While artists and venues were hit the hardest, that doesn’t mean it was easier for other artists. Jessica Johnson draws on special events like farmers markets or festivals in Summit, Park, and Lake counties, as well as businesses like cafes or breweries to showcase her images.
As the organizer of Art Night on the third Thursday at Highside Brewing, she had to turn around to support herself and her colleagues. The art fair was digitized on social media until Highside reopened for personal dining. A big change came in the fall when she opened the Frisco Arts Collective with other local artists. Johnson said the cooperative gallery had been well received given the restrictions.
She said she is lucky that art is not her main source of income, which is common with the high cost of living in Summit County. She has used the downtime to create larger paintings, do commissioned work, and design neck gaiters.
“We’re lucky here in Summit County,” said Johnson. “It wasn’t exactly a normal business, but people came to enjoy the outdoors and all that it has to offer. It wasn’t as scary as it would have been if I had been elsewhere. “
The summer concert series at the Dillon Amphitheater was canceled in 2020. Dillon City Council has announced that it plans to hold concerts again this year.
Photo by Jenise Jensen
A light at the end of the tunnel
Optimistic planning for personal summer events has begun as vaccinations continue to spread and case numbers continue to improve. The warmer weather means the public can safely gather outside to listen to music or watch a movie.
Johnson is delighted to be able to open the doors of the Frisco Art Collective, distribute displays on the terrace and paint outside in the shadow of Mount Royal. Although she isn’t sure about bigger festivals, she believes she can visit farmers’ markets again.
Neufeld said he is cautiously optimistic that some kind of artistic activation will take place that takes advantage of nature, although this is likely not what residents and guests are used to.
“When we talk about festivals on a WAVE or (Breckenridge International Festival of Arts) scale, I’m still very cautious,” he said, adding that the future depends not just on vaccinations in Summit County but across the country. “Despite all the challenges we had last summer, I felt really good that a lot had happened. We tried to be really innovative in how we can serve our community and I think we learned a lot from that experience. “
Meanwhile, Breck Music is hoping for an in-person festival with contingencies if the public health outlook deteriorates. A full season announcement is slated for May, but Nuzzaci Park said the festival, from August 5th to 15th, is set to be a smaller 10-day experience that will either be normal or slightly customized, with various series of outdoor concerts. “All of our decisions are based on flexibility as a priority,” said Nuzzaci Park.
Nuzzaci Park said it will be a long road to recovery, but she’s glad the year gave the community a clean plan to analyze what events should be moving forward and how, rather than having a plethora of options that are too Fatigue of events and lead to a watered-down audience.

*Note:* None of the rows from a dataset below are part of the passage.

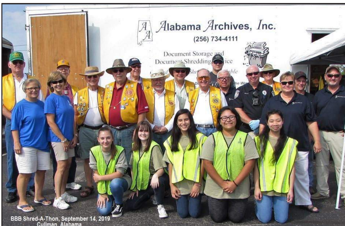
BBB Shred-A-Thon, September 14, 2019 Cullman, Alabama
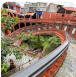
Gupteshwor Mahadev Cave
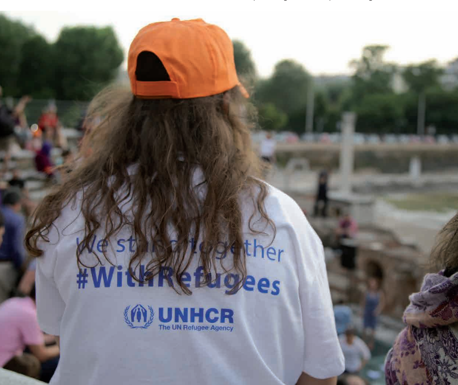
World Refugee Day in Thessaloniki, Greece. 20 June, 2019.

Implementing programmes and interventions addressing GBV is a priority for managers and their teams. Effective results require resources, workforce arrangements, and measurable actions to be implemented across all sectors and areas of work. These will be monitored for quality and also for compliance against a Policy Monitoring Framework.
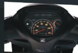
Quality Instrument Panel

Regardless of what the culture is like in the months and years to come, industry leaders are fortunate to have the support of the community during difficult times. Neufeld pointed out that gastronomy, artists and other non-profit organizations come together, for example in Dia de los Muertos collaborations, which included special menus and offrendas or altars.
“I think the relationships that are strengthened during this time will only get stronger if we have more opportunities to work together,” said Neufeld. “There is hope that things are moving in the right direction. We’re still here, and we’re still committed to Breckenridge and our community throughout the Summit. There is optimism and I am definitely optimistic. … It would have been more difficult to say that maybe six months ago, five months ago. “
This story was previously published in Still Standing: How Summit County Weathered the Pandemic.